Treacheries and betrayals of the States of the cities, which were so eager to gain the Crusaders' friendship during their expansion, were manifested. This happened when the ruler of the Sheezar region contacted the Crusaders and agreed not to encounter them and to provide them with what they needed, such as food and rations. He even sent two guides with them to help them find the right routes. The city of Homos also gave them gifts. The city of Mosyaf concluded a treaty with them. Tripoli paid to them taxes and provided them with guides. Beirut paid them money and proposed to be subjugated to them in case they managed to seize Jerusalem.

Raymond of Toulouse (Prince of Province and Toulouse in France) continued to lead the rest of the Crusaders' march to Jerusalem. Their number was only 1,000 knights and 5,000 infantry. In the springtime of the year 1099 CE, they entered Palestine. They passed by Acre, whose ruler provided the Crusaders with supplies, then by Qeisarya and Arsouf. After that, they captured Al-Ramleh, Lod and Bethlehem. On 7 June 1099 CE, the besiege of Jerusalem started. Iftikhar Al-Dawalah, who was appointed by the Fatimids, ruled it. The city was captured on 15 July 1099 (23 Sha'aban 492 H). The Crusaders continued killing the Muslims for one week. They killed more than 70,000 inside Al-Aqsa Mosque, including many groups of Muslim chiefs, scholars and worshippers. Both the Fatimid and the Abbasid States did not do anything to help but rather kept silent regarding these events. Jerusalem was ruled by the leader of the Crusades, Godfry of Bouillon, who was called humbly the "Jerusalem defender". Nablus and Hebron surrendered to the Crusaders.

It is narrated that only 300 knights and 2,000 infantry of the Crusaders remained for this reason--they could not expand their dominion over more territories because most of them returned home after Jerusalem was conquered. Therefore, the kingdoms of the Crusaders became like islands surrounded by enemies. Nevertheless, these kingdoms continued to survive for 200 years whereafter the last one perished because of lack of supplies and expeditions. The Muslims were weak because they split into groups, making their numbers very small. They did not take advantage of the opportunity to overcome the Crusaders during their periods of spreading out over large areas in limited numbers. The Muslims lagged till ot was too late. The Crusaders became strong during the Muslim period of weakness and it was no longer an easy task to drive the Crusaders out.

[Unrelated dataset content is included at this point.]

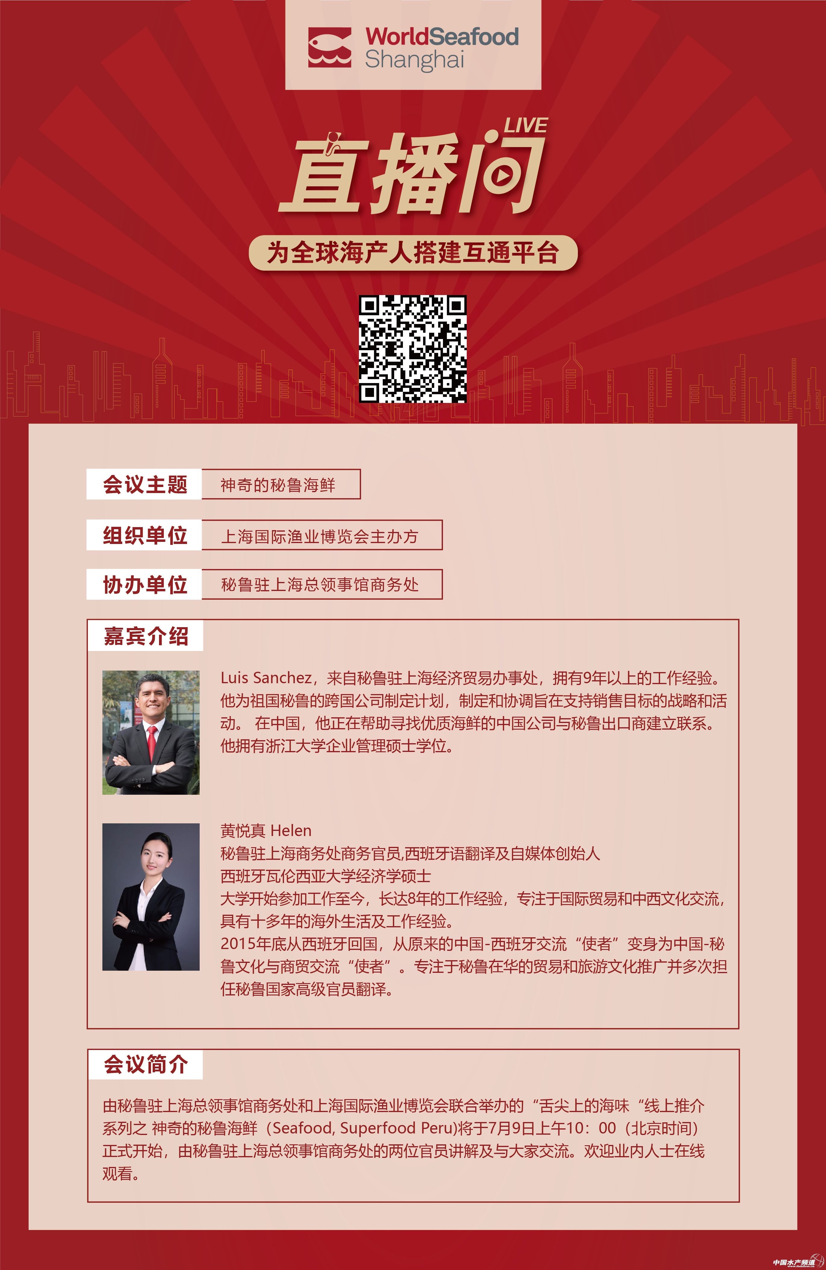 | 中國水產頻道報道, 首場“舌尖上的海味”系列全球海鮮線上推介會重磅開啟! 作為第15屆上海國際漁業博覽會的重要主題活動之一,第五屆舌尖上的海味·進口海鮮推介品鑒會將繼續甄選全球新鮮的海鮮食材,佐以最健康、前沿的料理方式,在資深大廚的精心烹飪及專業講解中,在展會現場為來賓奉上一場舌尖上的海鮮饕餮。 今年上海國際漁業博覽會主辦方特別策劃了“舌尖上的海味”系列全球海鮮線上推介會,旨在為全球海產進出口貿易商、連鎖酒店海鮮供應及所有行業內人士搭建分享、交流云平臺,讓各位參與者直觀了解產品,分析市場變化,在線提問、交流,促成采買及合作機會。 本次線上直播推介活動將邀請各國優質海產相關協會、企業代表,推薦介紹全球各地特色海產品,并特別關注在2020年疫情的大背景下,健康、新鮮的海產品是如何從源頭被放心端上餐桌,引發對全球海鮮營銷渠道及終端消費者新需求的深度思考,并為貿易雙方匹配供需,達成有效交流與合作。 7月9日(周四)上午10:00,上海國際漁業博覽會主辦方邀請到秘魯駐上總領事館商務處做客直播間分享秘魯的大魷魚、南美白對蝦、扇貝等秘魯當地特色海產對中國的出口情況,歡迎各位業內人士鎖定上海國際漁業博覽會直播間參與互動交流! 探尋舌尖上的秘魯 秘魯,位于南美洲西部,西瀕太平洋,擁有豐富的海洋資源以及世界上最大的漁場之一,為生產出優質多樣的海產品提供了良好的環境。其中,南美白對蝦、秘魯扇貝、大魷魚、鯖魚等秘魯當地特色海產品,在國內外市場都備受歡迎。 目前,中國已成為秘魯最重要的出口市場之一。據秘魯生產部統計,2019全年對華出口占比22%,其中前5個月秘魯海產品對華出口額達到15.63億美元(約為人民幣107.51億元),同比增漲24%。2020年,秘魯將計劃進一步增加海產品出口,開拓中國市場,未來把更多優質多元的秘魯海鮮出口到中國,將秘魯美食的非凡魅力呈現給更多中國消費者。 7月9日(周四)上午10:00 首場“舌尖上的海味線上推介系列” 之神奇的秘魯海鮮 歡迎業內人士在線觀看 |

The Crusaders continued to capture more cities in Palestine. Jaffa was captured during the besieging of Jerusalem by Genoan ships (in the Mediterranean Sea) on 15 June 1099 CE. They also captured the eastern area of Lake Tiberias (Al-Sawad area) in May of 1100 CE. The Crusaders also captured Haifa by force during the month of Shawwal 94 H (August 1100 CE) with the help of a great fleet from Venice. They dominated over Arsouq peacefully and drove its inhabitants out. They captured Qeisarya by force on 17 May 1109 CE. They killed its inhabitants and robbed their property on 17 May 1101 CE. Thus, the Crusaderimposed their dominion over Palestine except Ashkelon owing to the Egyptians (the Fatimid) supplying it with ammunition, men and funds every year. Although the Crusaders used to besiege Ashkelon every year, they failed to capture it until the year 1153 CE (548 H). In that year, Ashkelon's inhabitants managed to drive the Crusaders back. But, when they got desperate and were about to retreat, they received tidings that Ashkelon's people were in dispute. So, the Crusaders waited with patience. The reason for the dispute between the parties of Ashkelon was because of a power struggle; each party alleged that they alone achieved the victory. However, the dispute increased in size till one person from one of the two parties was killed. This led to a much worse situation and, consequently, war broke out between them and many of them were killed. The Crusaders were hoping for this window of opportunity and shortly thereafter, they advanced to Ashkelon and easily occupied it.

Although the Crusaders were small in number, they managed to maintain great control by building fortified castles that were built like islands in many areas in Sham. And as the struggle continued between the Muslims themselves, some of them resorted to getting help from the Crusaders to overpower their foes. The Muslims at large were weaker, and the Crusaders became more powerful and dominant, to such a degree that they played the role of a guardian policing the region.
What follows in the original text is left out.